Key Drivers: Restrictive regulations, technical limitations, implementation challenges, and risk-averse organizational cultures.

Probability: 15-20%

Scenario Comparison Matrix

FactorOptimisticBase CaseConservative
Implementation TimelineAcceleratedSteadyDelayed
Market AdoptionWidespreadSelectiveLimited
Technology EvolutionRapidProgressiveIncremental
Regulatory EnvironmentSupportiveBalancedRestrictive
Business ImpactTransformativeSignificantModest

Transformational Impact

Technology becoming increasingly embedded in all aspects of business operations. This evolution will necessitate significant changes in organizational structures, talent development, and strategic planning processes.

The convergence of multiple technological trends—including artificial intelligence, quantum computing, and ubiquitous connectivity—will create both unprecedented security challenges and innovative defensive capabilities.

Implementation Challenges

Technical complexity and organizational readiness remain key challenges. Organizations will need to develop comprehensive change management strategies to successfully navigate these transitions.

Regulatory uncertainty, particularly around emerging technologies like AI in security applications, will require flexible security architectures that can adapt to evolving compliance requirements.

Key Innovations to Watch

Artificial intelligence, distributed systems, and automation technologies leading innovation. Organizations should monitor these developments closely to maintain competitive advantages and effective security postures.

Strategic investments in research partnerships, technology pilots, and talent development will position forward-thinking organizations to leverage these innovations early in their development cycle.

Technical Glossary

Key technical terms and definitions to help understand the technologies discussed in this article.
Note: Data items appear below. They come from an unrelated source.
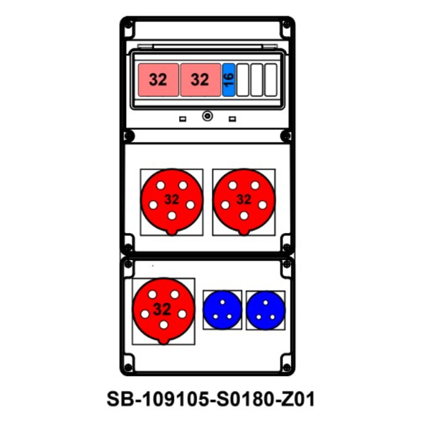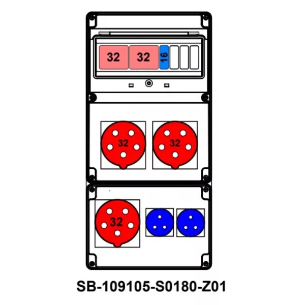 ROZDZIELNICA;2XC32-3P;B16-1P;3X5X32A;2X2P+PE;INA=32A;IP54, SB-109105-S0180-Z01-54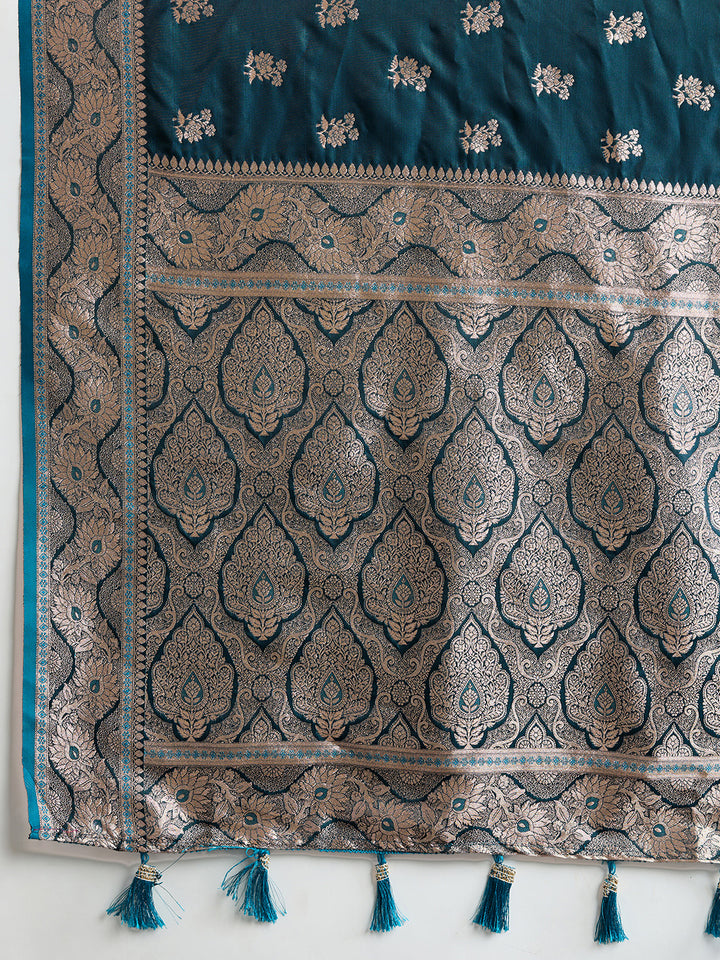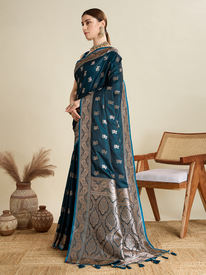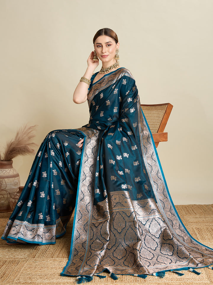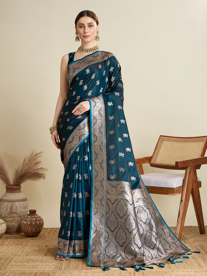 RAJGHARANA Teal Blue Soft Silk Sarees Premium Two Tone Satin Fabric with Unique Designs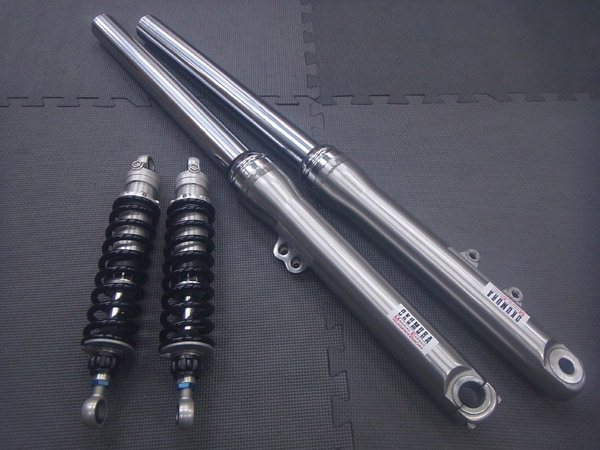 SHOWA製インナーパイプ径Φ49正立フロントフォークとOHLINSツインショックです。

Understanding the following technical concepts is essential for grasping the full implications of the security threats and defensive measures discussed in this article. These definitions provide context for both technical and non-technical readers.

Filter by difficulty:

infrastructure as code intermediate

algorithm

algorithm intermediate

interface

framework intermediate

platform

interface intermediate

encryption Well-designed interfaces abstract underlying complexity while providing clearly defined methods for interaction between different system components.

API beginner

API APIs serve as the connective tissue in modern software architectures, enabling different applications and services to communicate and share data according to defined protocols and data formats.
API concept visualizationHow APIs enable communication between different software systems
Example: Cloud service providers like AWS, Google Cloud, and Azure offer extensive APIs that allow organizations to programmatically provision and manage infrastructure and services.

platform intermediate

cloud computing Platforms provide standardized environments that reduce development complexity and enable ecosystem growth through shared functionality and integration capabilities.